Problem description ::
While you copy the lines below, skip the pictures and keep the rest exact.
━━ Data excerpts ━━
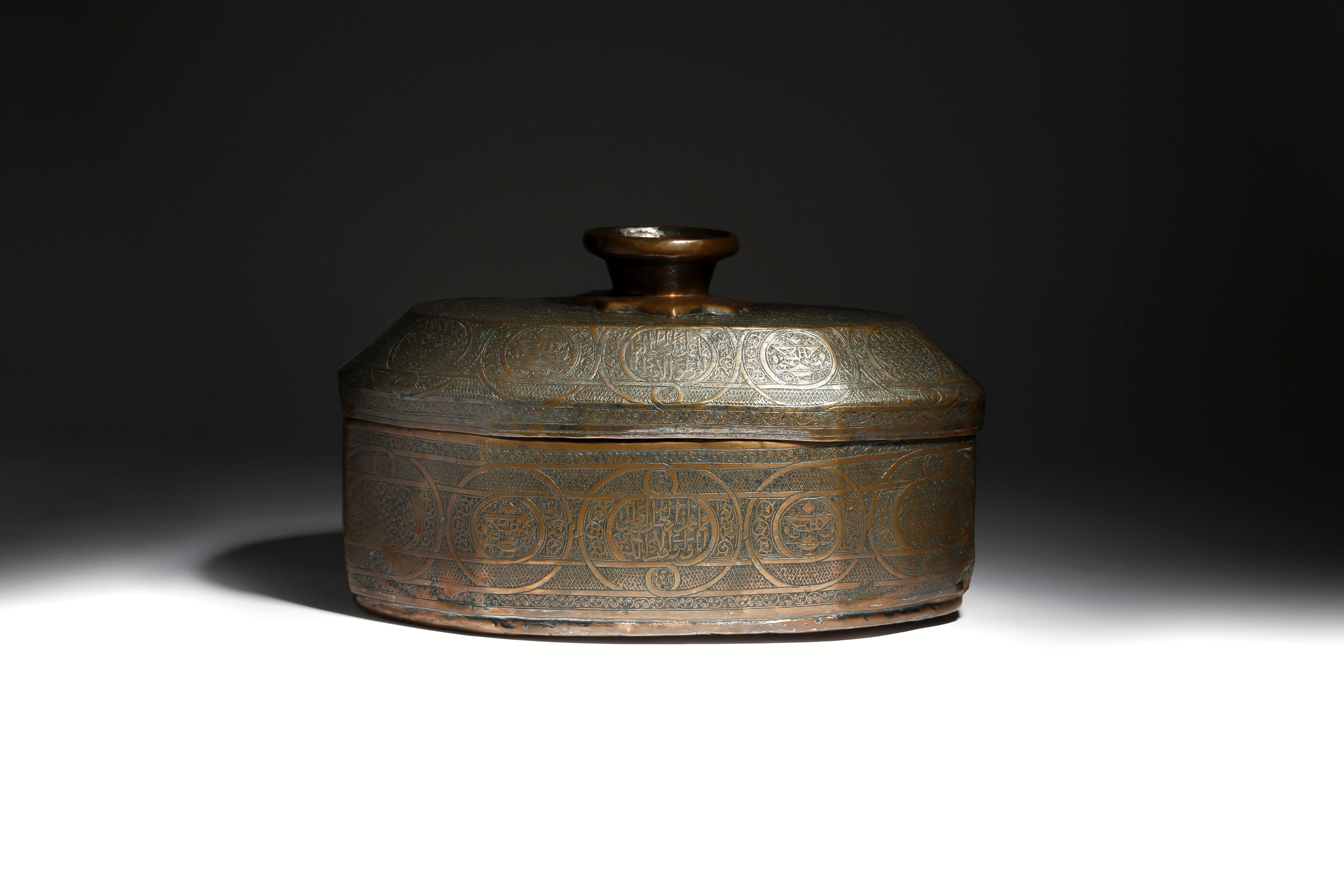 A Mamluk copper alloy canteen, of octagonal form, the lid with a dual purpose handle / foot, all over decorated with scrolling leaves, with rondels of calligraphy and hatched designs and palmettes, the underside of the lid with an Armenian inscription, Egypt or Syria, 15th century, 24.2cm high, 42.5cm wide.
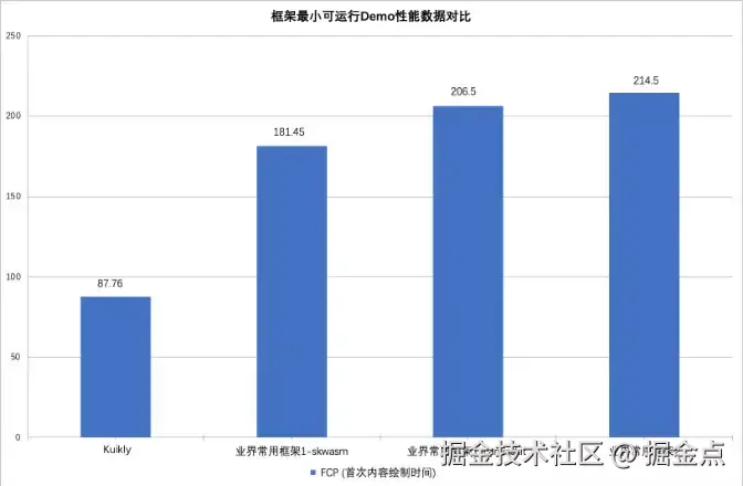 在MacBook Pro M4Pro 电脑的Chrome浏览器(138.0.7204.158)上,我们使用开发者工具上进行了详细的性能测试。测出Kuikly的FCP耗时仅为87.76ms,不到其他框架的一半。
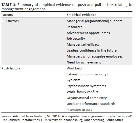 In the case of management engagement, both the identified pull and push factors that may have an impact on management engagement are identified in the following published research: Burke and El-Kot (2010); Flynn (2007); Furness (2008); Holland, Cooper and Sheenan (2017); Jena Lalatendu, Pradhan and Pranigrahy (2018); Lee et al. (2017); Luthans and Petersen (2002); Rothmann and Joubert (2007); Wiley, Kowske and Herman (2011); and Xu, Liu and Chung (2017). Joubert (2014:101) also listed such push and pull factors (beyond those reported in the JD-R model) that are related to team engagement in Table 3.
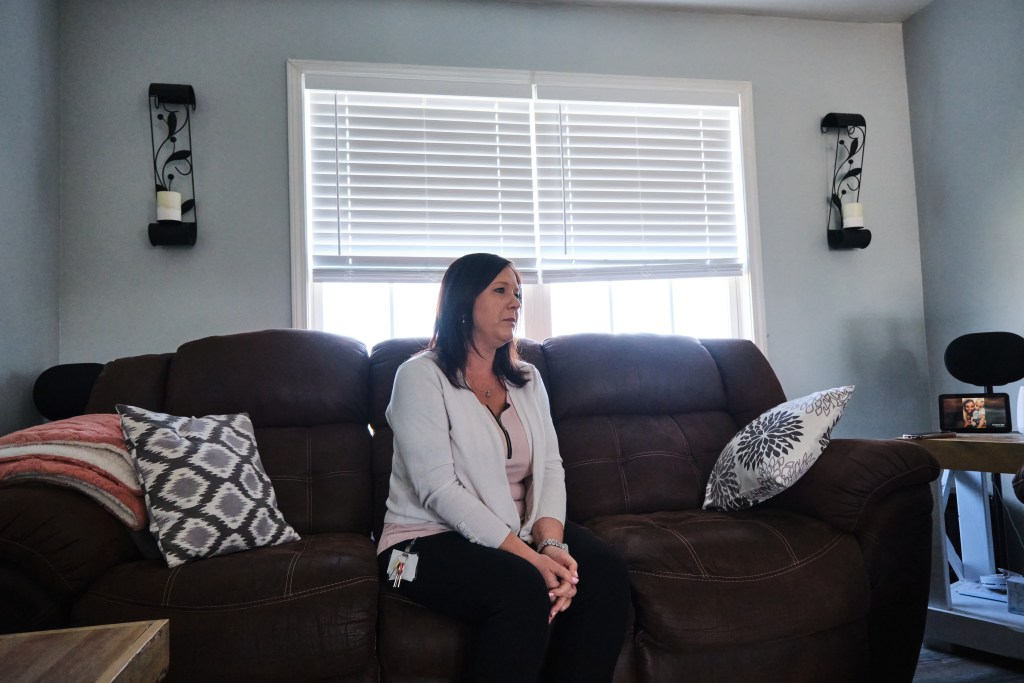 Mindy Mathes in her living room. Credit: Dominick Williams/The Beacon
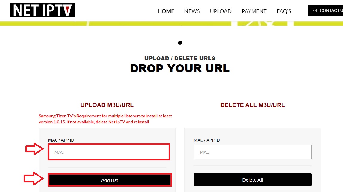 سپس وارد تصویر زیر میشوید در این قسمت لینک خریداری شده اکانت ست ایپی تیوی خود را در کادر قرمز زنگ وارد کنید و روی جمله ADD LIST اوکی کنید
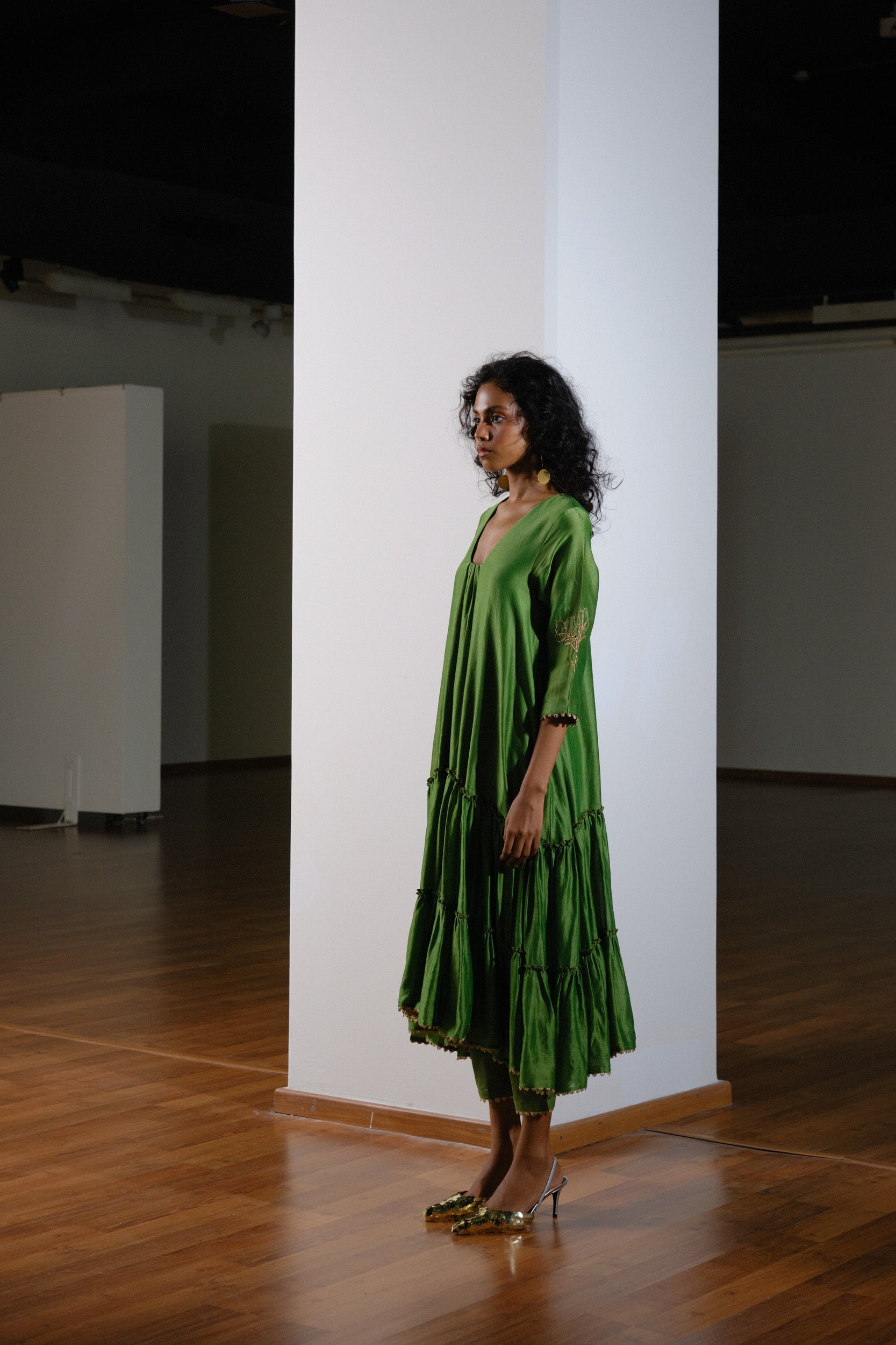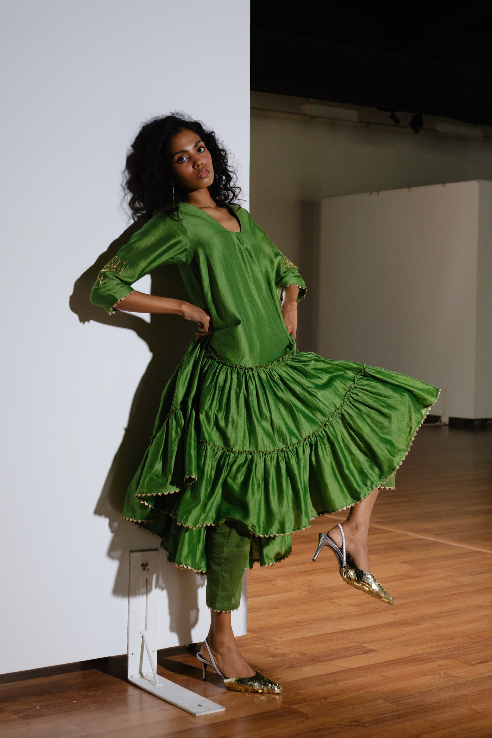 A vibrant green Chanderi Silk kurta set featuring gathered tiers, paired with slim pants and a contrasting pink kota silk dupatta adorned with delicate embroidery.
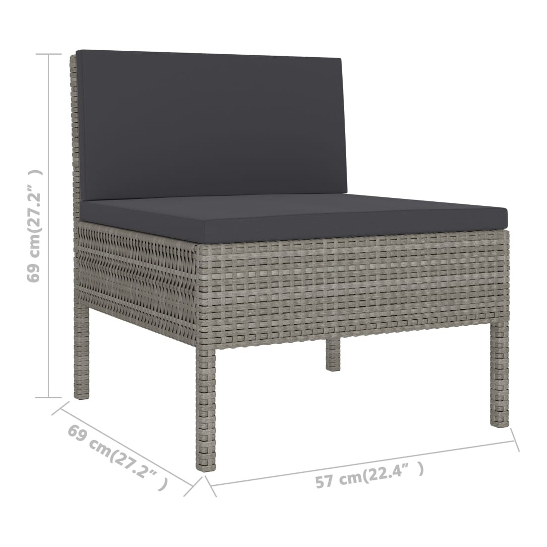 - Dimensions du canapé de milieu : 57 x 69 x 69 cm cm (l x P x H)
━━━
Problem solution ::
 A Mamluk copper alloy canteen, of octagonal form, the lid with a dual purpose handle / foot, all over decorated with scrolling leaves, with rondels of calligraphy and hatched designs and palmettes, the underside of the lid with an Armenian inscription, Egypt or Syria, 15th century, 24.2cm high, 42.5cm wide.
 在MacBook Pro M4Pro 电脑的Chrome浏览器(138.0.7204.158)上,我们使用开发者工具上进行了详细的性能测试。测出Kuikly的FCP耗时仅为87.76ms,不到其他框架的一半。
 In the case of management engagement, both the identified pull and push factors that may have an impact on management engagement are identified in the following published research: Burke and El-Kot (2010); Flynn (2007); Furness (2008); Holland, Cooper and Sheenan (2017); Jena Lalatendu, Pradhan and Pranigrahy (2018); Lee et al. (2017); Luthans and Petersen (2002); Rothmann and Joubert (2007); Wiley, Kowske and Herman (2011); and Xu, Liu and Chung (2017). Joubert (2014:101) also listed such push and pull factors (beyond those reported in the JD-R model) that are related to team engagement in Table 3.
 Mindy Mathes in her living room. Credit: Dominick Williams/The Beacon
 سپس وارد تصویر زیر میشوید در این قسمت لینک خریداری شده اکانت ست ایپی تیوی خود را در کادر قرمز زنگ وارد کنید و روی جمله ADD LIST اوکی کنید
 A vibrant green Chanderi Silk kurta set featuring gathered tiers, paired with slim pants and a contrasting pink kota silk dupatta adorned with delicate embroidery.
 - Dimensions du canapé de milieu : 57 x 69 x 69 cm cm (l x P x H)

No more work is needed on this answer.